6 Conclusions and extensions

In the current work we proposed an efficient and accurate method for solving a large class of hyperbolic stochastic evolution equations, through the Wiener chaos expansion. The infinite dimensional stochastic evolution equation is projected on a finite dimensional space, and the solution is determined through the Wiener chaos expansion, as introduced by Lototsky and Rozovsky in [11] and further studied in [9]. The coefficients of the expansion satisfy a lower triangular system of deterministic hyperbolic partial differential equations, known as the Propagator. We then provided both analytical and numerical results for the rate of convergence of the expansion with respect to the norm. In particular, a priori error bounds for the error due to the truncation of the stochastic equation is provided, along with and a posteriori error estimates for the discretization are provided.

In hyperbolic PDEs, the smoothness of the solution depends on the smoothness of the initial and boundary conditions. For instance, if there is a jump in the data at the start or at the boundaries, then the jump will propagate as a shock in the solution. In order to provide smooth solutions for the hyperbolic stochastic model, and motivated by the Lax-Wendroff scheme, we employ the results derived in [9] concerning the convergence of solution of the hyperbolic equations to solutions of approximate parabolic equations as a vanishing viscosity limit. In this case, we use the Lax-Wendroff finite numerical scheme for the parabolic approximation along with the Upwind finite difference scheme for the purely hyperbolic problem. Then, it is evaluated numerically that only the parabolic approximation of the solution, derived through the vanishing viscosity limit, converges to the solution of the stochastic hyperbolic equation.

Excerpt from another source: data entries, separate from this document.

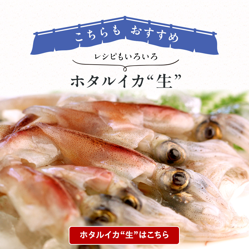 旬を迎えたこの時期だけの美味しい味覚、山陰沖産のホタルイカ。プリッとした歯ごたえと、お口の中いっぱいに広がる芳醇な香りは、海産物が豊富な山陰沖ならではの逸品。内蔵は旨味成分のひとつであるアミノ酸がたっぷりで甘味が強く、はらわたごと味わうと特に美味しいと評判です。
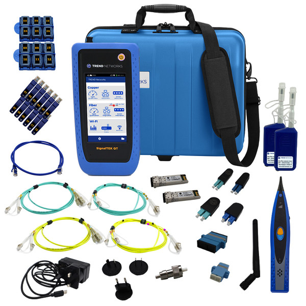 SignalTEK QT Pro Bundle - 10G Kupfer-/Glasfaser-/WIFI-Qualifizierungstester mit erweiterter Garantie, Zubehör und Hartschalenkoffer. Der SignalTEK QT Pro 10-Gigabit-Qualifizierungstester ist die Testlösung zur Überprüfung von Kupfer-, Glasfaser- und WiFi-Verbindungen. Er testet die Kabelleistung anhand von frequenzbasierten Messungen und überprüft, ob die gewünschte Netzwerkgeschwindigkeit unterstützt wird. Er zeigt die verfügbare Leistung im Vergleich zur gewünschten Geschwindigkeit auf einem leicht zu lesenden Display an und es stehen die Geschwindigkeiten von 10 Mb/s bis 10 Gb/s einschließlich der neuen 2,5 und 5 Gb/s Multigeschwindigkeiten zur Auswahl. Der SignalTEK QT Pro qualifiziert zusätzlich Glasfaserverbindungen gemäß IEEE 802.3 Standard bis zu 100 Gb/s durch Messung der Einfügedämpfung und Länge der Glasfaserverkablung mit einem Loopback-Test. Die High-Performance SFP-Module von TREND bieten präzise Einfügedämpfungsmessungen, der SignalTEK QT Pro erkennt das installierte SFP-Modul, um automatisch PASS/FAIL-Grenzwerte festzulegen. Analysieren Sie die WiFi-Kanalstärke und identifizieren Sie die Zugangspunkte, die sich auf überlappenden Kanälen befinden, um die Leistung des Netzwerks zu maximieren. Graphen zur Kanalauslastung helfen dabei die Access-Points (APs) mit Benutzern festzustellen, die überlastet sind. Verbunden mit dem Netzwerk können Diagnosen mit Ping-, Traceroute- und Device-Scan-Tests durchgeführt werden. Er führt einen Lasttest mit bis zu 90 Watt aus, um sicherzustellen, dass die von der Switch bereitgestelle Leistung auch über die installierten Kabeln genügend Strom für die PoE-Geräte liefern und die Ergebnisse mit PASS/FAIL bewerten werden. Mit dem NetScan erfassen Sie eine Liste mit den angeschlossen Geräten einschließlich Hersteller-ID, IP-Adresse und MAC-Adresse mit automatischer Prüfung auf IP-Adressenkonflikte und lokalisieren mit der internen oder externen Antenne den Standort der Zugangspunkte. Das Managementsystem TREND AnyWARE Cloud ermöglicht die Echzeitzusammenarbeit zwischen Projektmanager und Servicetechniker, Vorkonfiguration von Testeinstellungen, kostenlosen Speicherplatz, müheloses Lokalisieren von Projektdateien, teilen von Links zu den Testberichten und Fleet-Manager Geräteverwaltungssystem. Der SignalTEK QT PRO unterstützt neben den kompletten Leistungsumfang der Kupfer- und Glasfaserqualifizierung sowie das Testen von WiFi den Live-Verdrahtungstest mit sofortigen Verdrahtungs-Ergebnis, Anschlussmöglichkeit für Glasfaser-Inspektionsmikroskop zum Prüfen der Steckerqualität und automatischen PASS/FAIL-Bewertung nach IEC-61300-3-35 Standard, integrierte rote Laserquelle zur Überprüfung der Polarität und Erkennung von Brüchen und Biegeradien von Patchleitungen, Li-Polymer-Akku mit einer Betriebszeit von bis zu 10 Stunden. Das Kit beinhaltet zusätzlich die Remoteadapter-Sets Nr. 1-12 mit RJ45-Stecker- und Buchsenanschluss zur Verdrahtungsprüfung für einen effizienten Einsatz beim Testen im Ein-Mann-Betrieb, SFP+ High Stability 850 nm MM-Modul und 1310 SM-Modul, LC und SC Glasfaser-Loopback-Adapter für MM und SM und einen abschließbaren Hartschalenkofer.
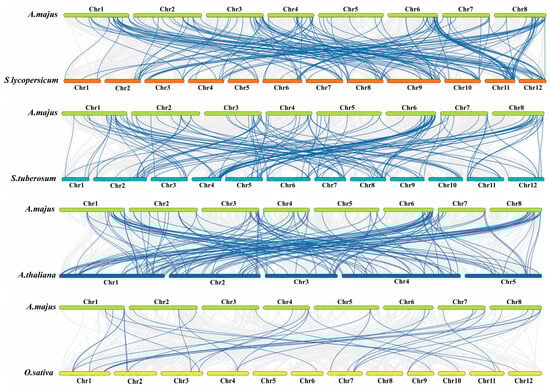 Replication events within and between species were evaluated using TBtools software MCS canX (version 2.041). The genome files of rice, tomato, potato, and Arabidopsis are from the National Center for Biotechnology Information website (https://www.ncbi.nlm.nih.gov/, accessed on 1 October 2023).
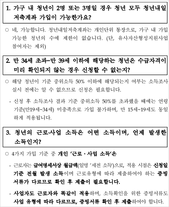 Q. 청년 내일저축계좌 신청방법 자격조건 - 가구 내 청년이 2명 또는 3명일 경우 청년 모두 청년내일저축계좌 가입이 가능한가요?
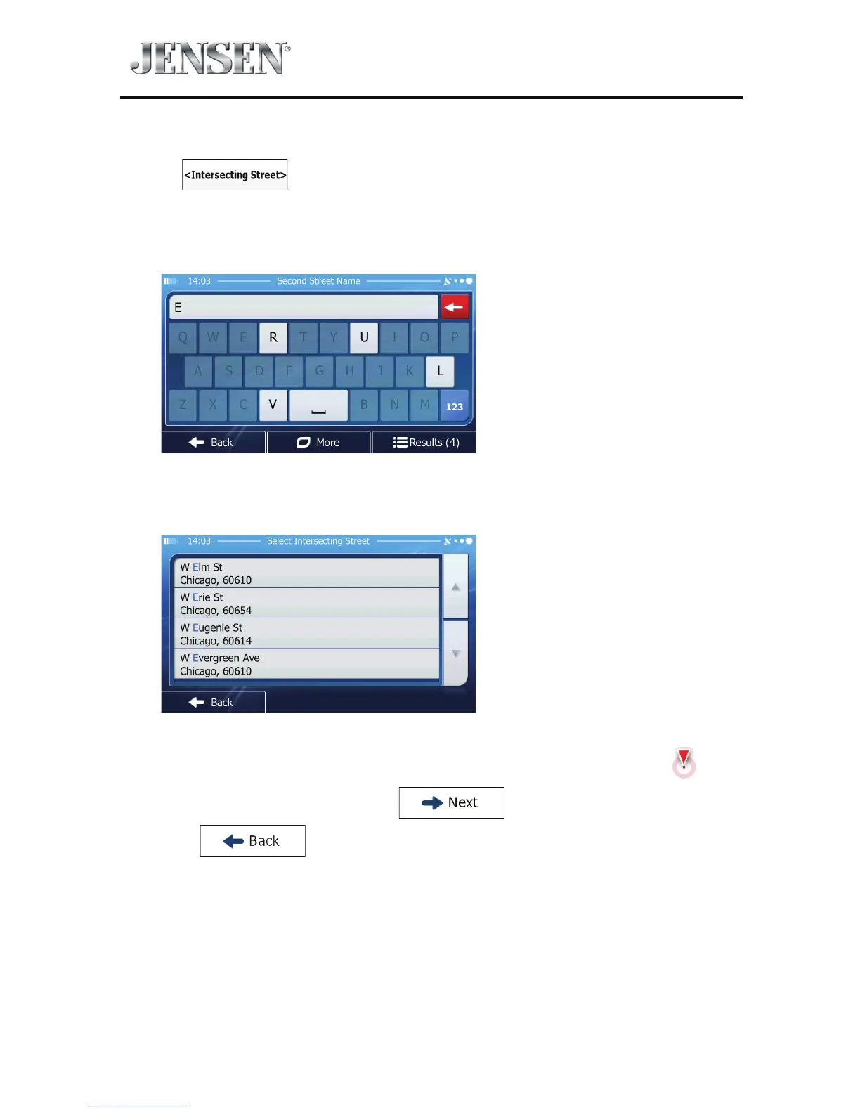 name of the intersecting street on the keyboard.
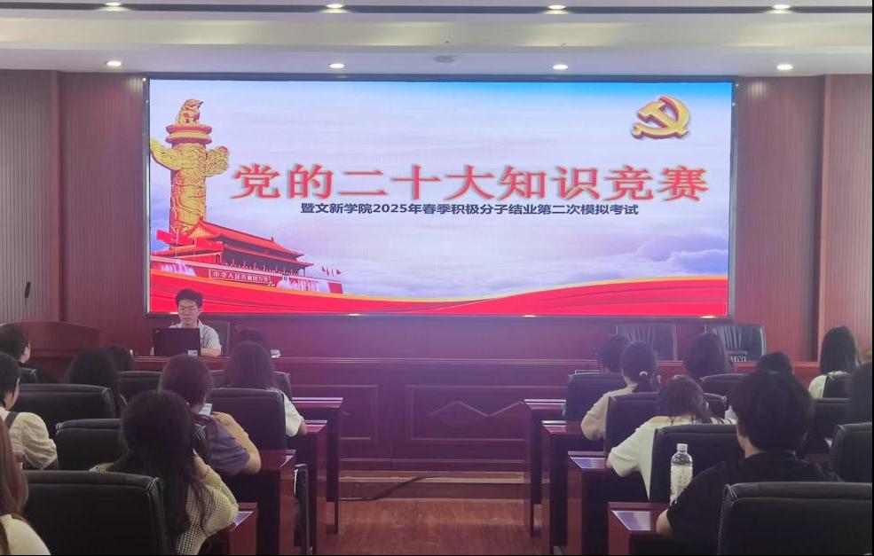 为贯彻落实党的二十大精神,积极探索“党建+互联网”新模式,进一步提升积极分子的理论知识水平,5月19日12时10分,“党的二十大知识竞赛暨文新学院2025年春季积极分子第二次模拟考试”于必赢官网金盆岭校区九号教学楼218、223室成功举行。
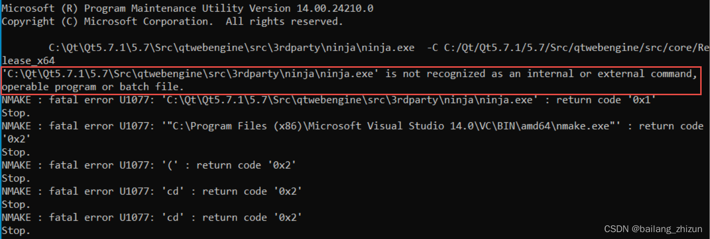 这个ninja.exe是在编译过程中生成的执行程序,但因为某个未知原因造成此次编译没有正常生成(怀疑是因为没有把vs2015设置成英文有关,虽然把vs2015设置成英文之后还是会报这个错误doge,也有可能是因为没有把nmake所在目录添加至环境变量)
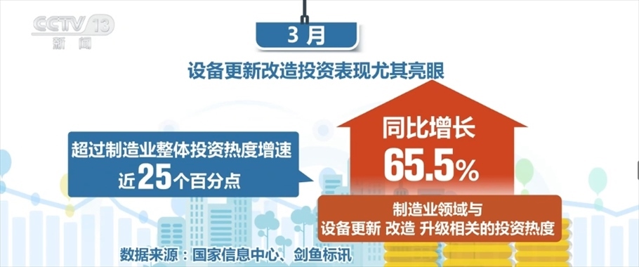 制造業(yè)領域則更為突出,1—2月,制造業(yè)投資熱度指數同比增長13.3%,3月迅速提升至40.6%,遠高于全國總體投資熱度增速。設備更新改造投資表現(xiàn)尤其亮眼,3月,制造業(yè)領域與設備更新、改造、升級相關的投資熱度同比增長65.5%,超過制造業(yè)整體投資熱度增速近25個百分點。
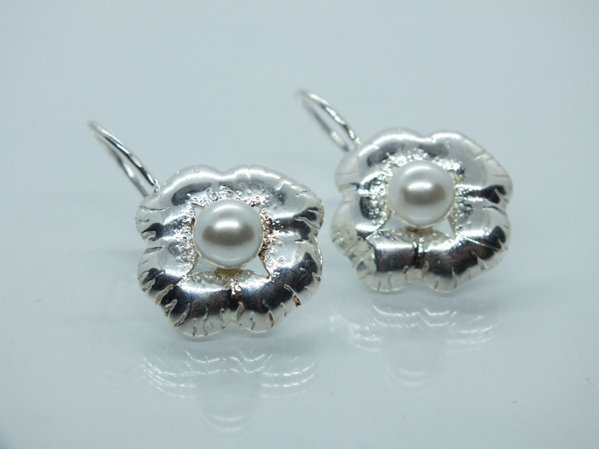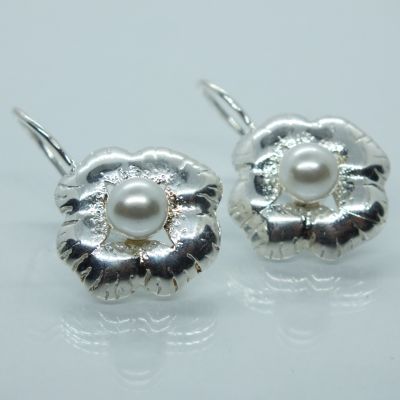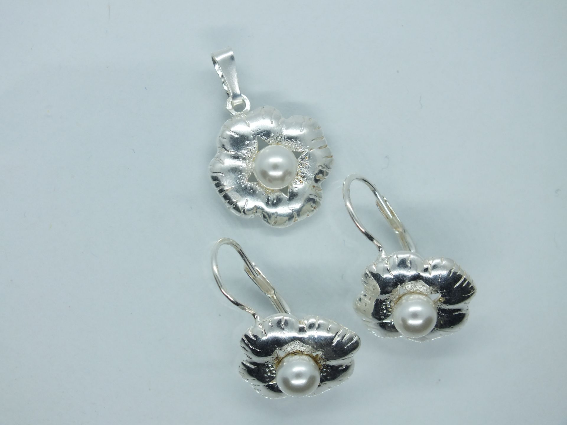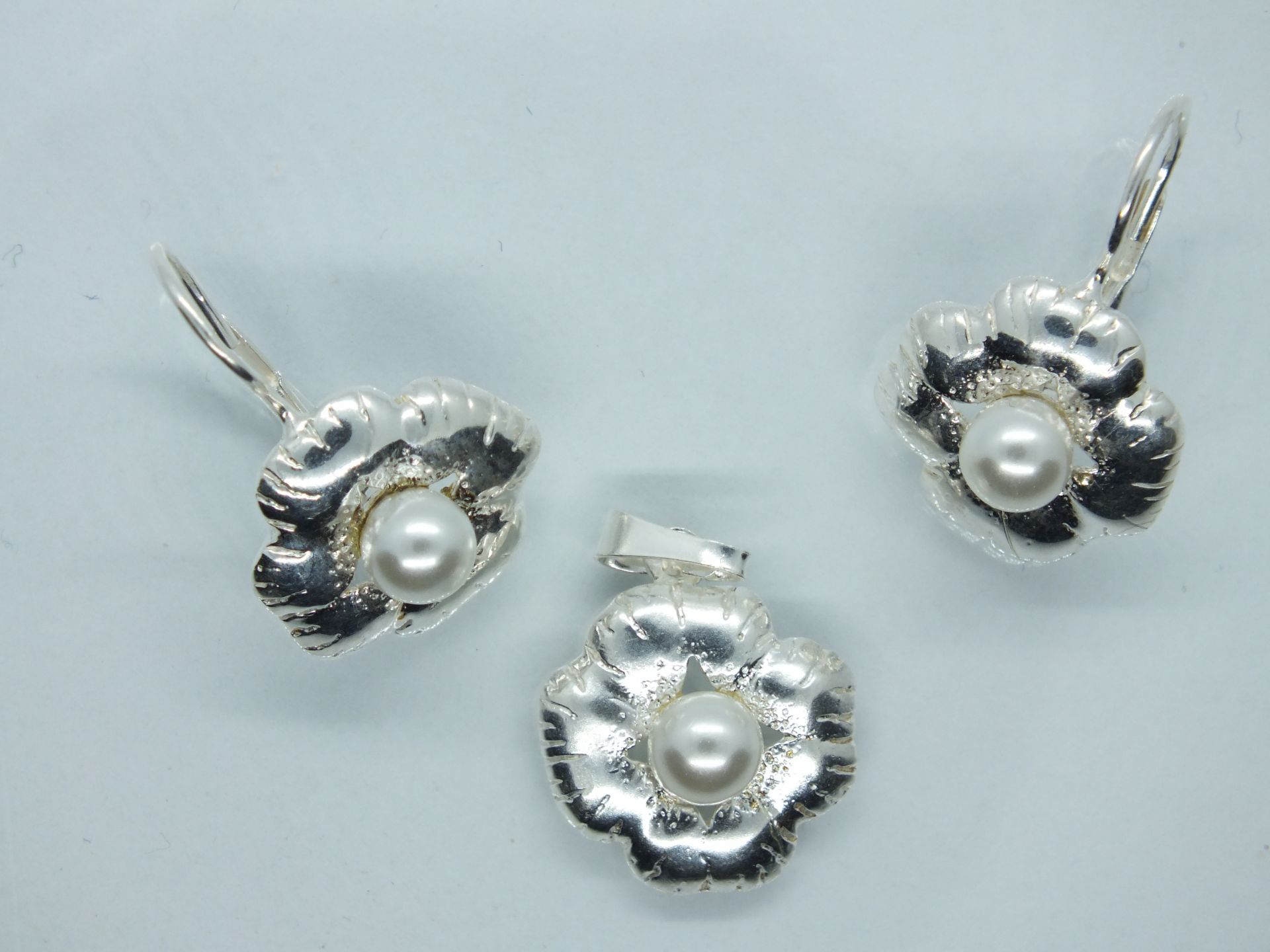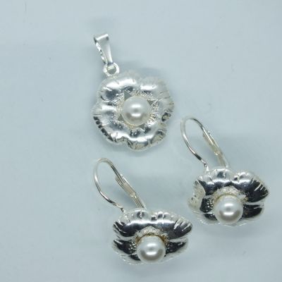 Ezüst női szett fülbevalóval és medállal.Virág forma középen fehér gyöngy berakással.

The Wiener chaos algorithm is significantly faster than the Monte Carlo method, while the numerical results derived through the proposed method are very accurate and almost identical to the Monte Carlo solution. As the theoretical basis of the Wiener chaos method is independent of the number of spatial dimensions, the computational gain of the implementation of the proposed numerical method will be definitely increased in higher spatial dimensions. Comparing the performance of the two different numerical approaches proposed in this paper, we conclude that the Upwind method produces apparently diffusive and unstable results. Thus, we conclude that the use of the Lax-Wendroff scheme, which is equivalent to the use of the vanishing viscosity limit, provides us with stable solutions that depend smoothly upon the data of the problem.

Concluding, the main advantage of the Wiener chaos expansion is the fast convergence due to the structure of the propagator of the Wiener chaos expansion, as a lower triangular system of deterministic equations. Another great advantage is the efficiency due to the orthogonality of the Hermite polynomials that generate the stochastic basis. The proposed method is general and can be easily extended to a broad family of hyperbolic stochastic partial differential equations. The use of the Wiener chaos expansion for the study of hyperbolic SPDEs is not necessarily restricted to the calculation of statistical moments. Through the proper modification of Markov type inequalities or formulae such as the Rice formula [1] one may use the deterministic propagator to approximate the level sets of the random field generated by the solution of the SPDE. This is beyond the scope of the present work and is under active consideration.